WHAT YOU HAVE TO DO
Exactly reproduce the lines of the listing below from the one containing "uygulamalı olarak gösterildi." through the one containing "絵馬には、花巻温泉の公式キャ". Skip the images.

THE INPUT
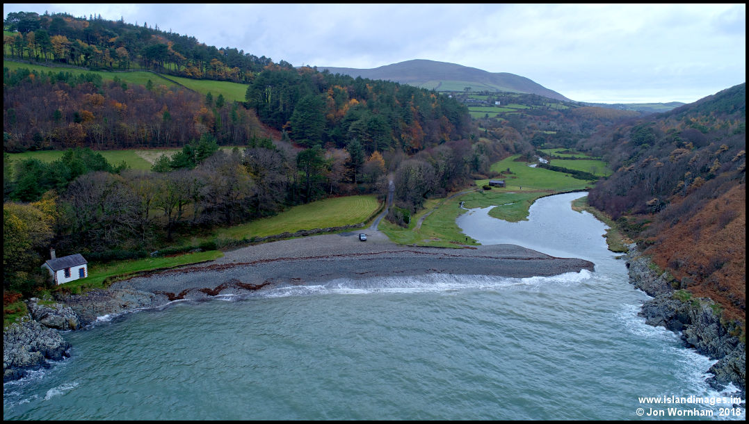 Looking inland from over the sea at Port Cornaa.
--
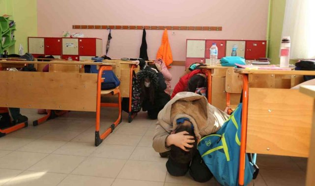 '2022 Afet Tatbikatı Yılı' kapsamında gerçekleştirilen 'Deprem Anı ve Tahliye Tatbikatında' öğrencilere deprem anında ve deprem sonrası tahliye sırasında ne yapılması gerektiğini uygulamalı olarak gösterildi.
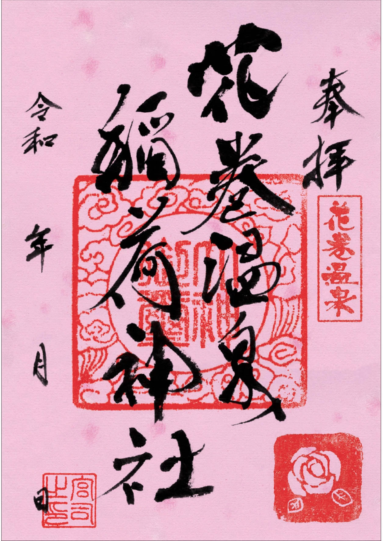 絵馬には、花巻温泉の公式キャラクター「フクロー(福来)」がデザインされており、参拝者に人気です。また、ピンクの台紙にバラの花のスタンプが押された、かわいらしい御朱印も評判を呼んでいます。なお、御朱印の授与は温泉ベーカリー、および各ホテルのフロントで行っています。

RESPONSE TO THE TASK
 '2022 Afet Tatbikatı Yılı' kapsamında gerçekleştirilen 'Deprem Anı ve Tahliye Tatbikatında' öğrencilere deprem anında ve deprem sonrası tahliye sırasında ne yapılması gerektiğini uygulamalı olarak gösterildi.
 絵馬には、花巻温泉の公式キャラクター「フクロー(福来)」がデザインされており、参拝者に人気です。また、ピンクの台紙にバラの花のスタンプが押された、かわいらしい御朱印も評判を呼んでいます。なお、御朱印の授与は温泉ベーカリー、および各ホテルのフロントで行っています。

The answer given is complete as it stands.